> [Task to complete]:
Look for the line with "Юбка застёгивается на" in the entries below, then extract that line and all lines after it exactly, with pictures left out.

(Records from a dataset)
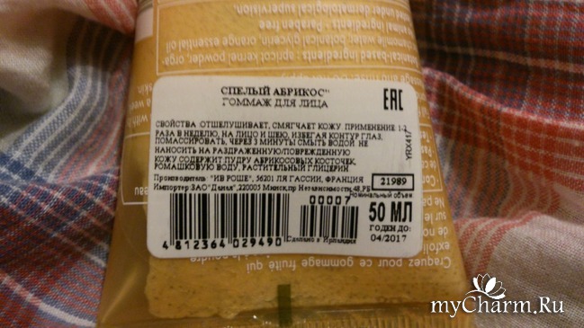Завершил мои сомнения и размышления взгляд на упаковку, где по-английски написано «Apricot Fruity Scrub». Почему же тогда русский перевод гласит, что это гоммаж? Это осталось для меня тайной. Но в любом случае, я осталась не обижена: скраб довольно нежный (несмотря на наличие грубых частиц), кожу не поцарапал, покраснения не вызвал, черные точки немного посветлели (полностью их убрать, думаю, никакому средству не под силу – механический был и остается самым действенным способом). Единственное, что мне не понравилось, так это то, что кожа после абрикосового скраба осталась немного стянутой и сухой. Под рукой она была нежной, но мимика дала знать, что кожа в неестественном состоянии. Сразу нанесла крем – и неприятные ощущения пропали без следа.
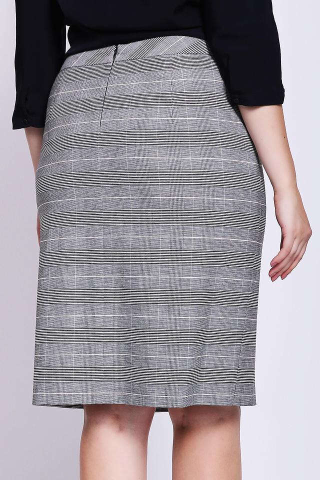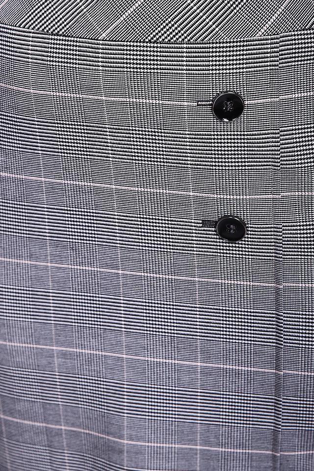 Юбка застёгивается на две пуговицы, что добавляет ей элегантности и позволяет регулировать посадку по фигуре. Ткань юбки содержит полиэстер, хлопок и эластан, что обеспечивает ей приятные тактильные ощущения, хорошую форму и лёгкость в уходе.
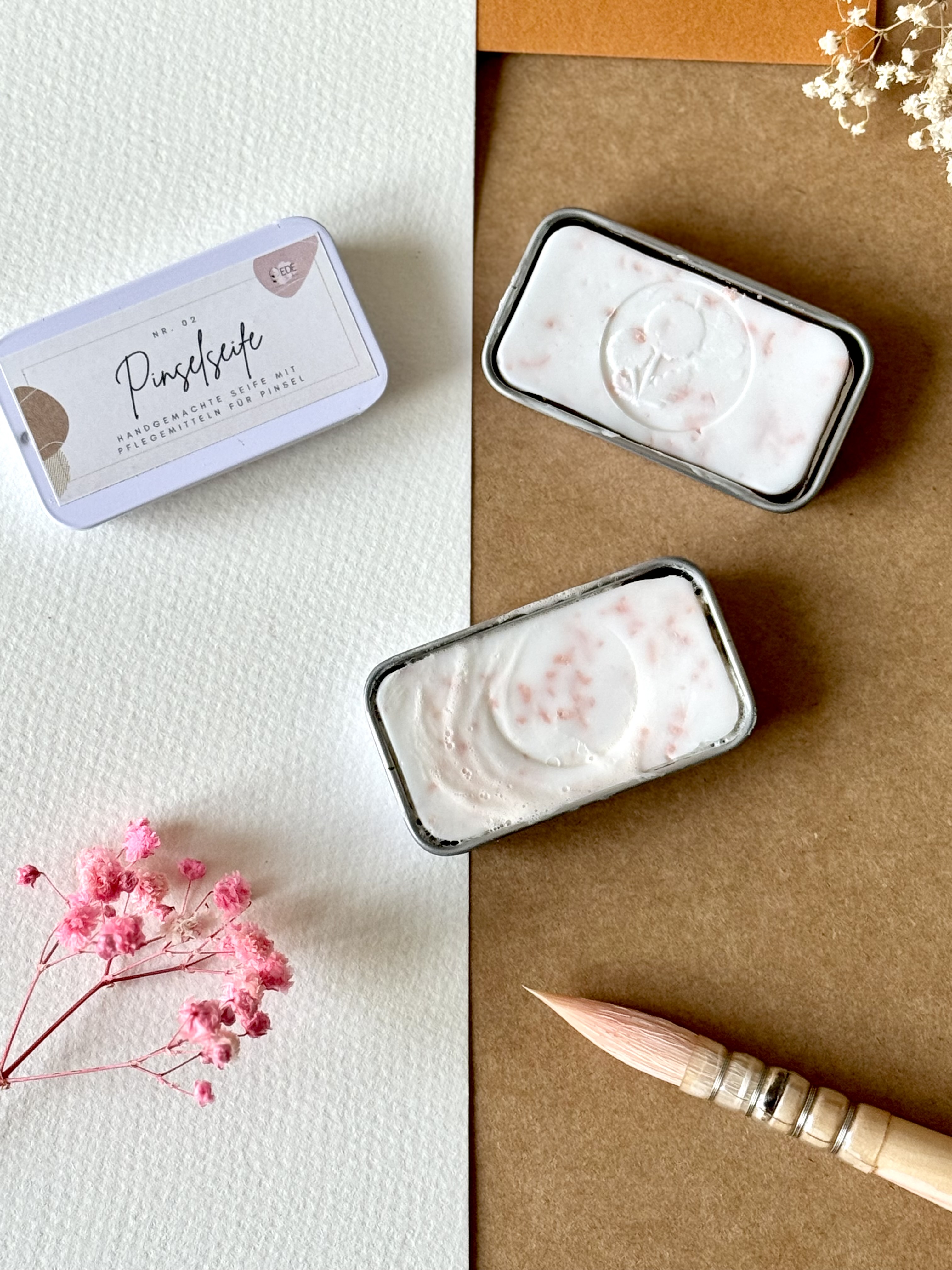 1 handgemachtes Pinselseifchen in einer stabilen, wiederverwendbaren Metalldose. Perfekt zum Aufbewahren und zum Verschenken.
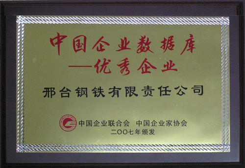 2007年12月,邢鋼榮獲由中國企業(yè)聯(lián)合會(huì)、中國企業(yè)家協(xié)會(huì)頒發(fā)的“中國企業(yè)數(shù)據(jù)庫優(yōu)秀企業(yè)”榮譽(yù)稱號(hào)。
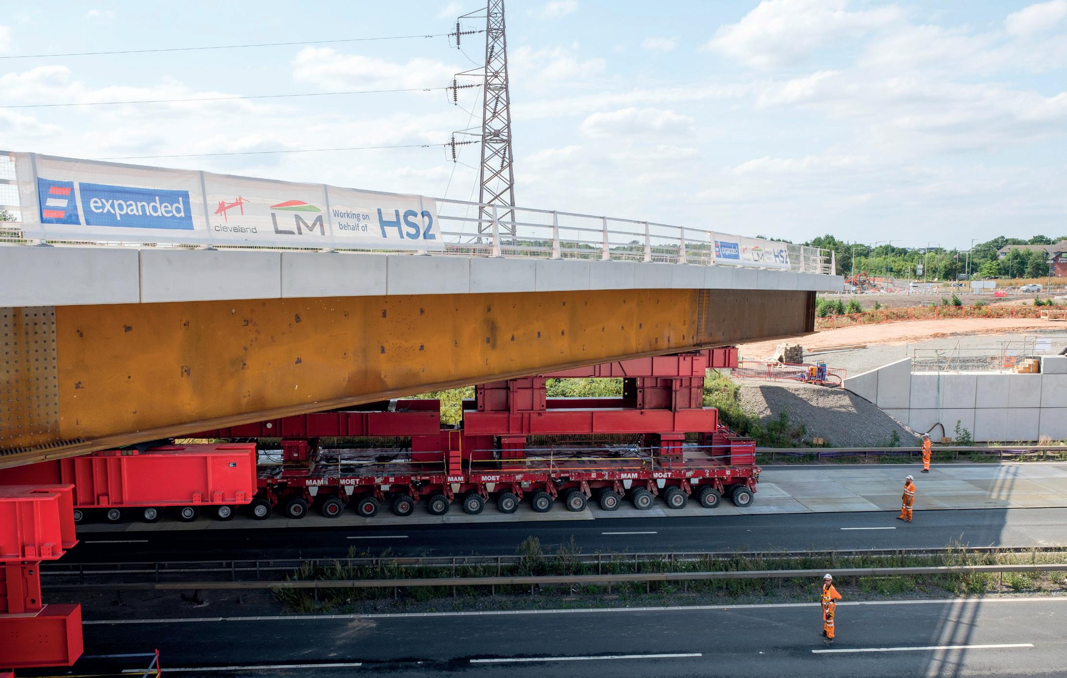 Made up of 1,130 tonnes of steel plate girders and 1,610 tonnes of precast and in-situ concrete, the structure was ‘driven’ up the closed motorway and into position in just two days on top of two selfpropelled modular transporters. This bridge will be a road bridge, part of the new road layout being created around HS2’s new Interchange station.

> [Output for this task]:
 Юбка застёгивается на две пуговицы, что добавляет ей элегантности и позволяет регулировать посадку по фигуре. Ткань юбки содержит полиэстер, хлопок и эластан, что обеспечивает ей приятные тактильные ощущения, хорошую форму и лёгкость в уходе.
 1 handgemachtes Pinselseifchen in einer stabilen, wiederverwendbaren Metalldose. Perfekt zum Aufbewahren und zum Verschenken.
 2007年12月,邢鋼榮獲由中國企業(yè)聯(lián)合會(huì)、中國企業(yè)家協(xié)會(huì)頒發(fā)的“中國企業(yè)數(shù)據(jù)庫優(yōu)秀企業(yè)”榮譽(yù)稱號(hào)。
 Made up of 1,130 tonnes of steel plate girders and 1,610 tonnes of precast and in-situ concrete, the structure was ‘driven’ up the closed motorway and into position in just two days on top of two selfpropelled modular transporters. This bridge will be a road bridge, part of the new road layout being created around HS2’s new Interchange station.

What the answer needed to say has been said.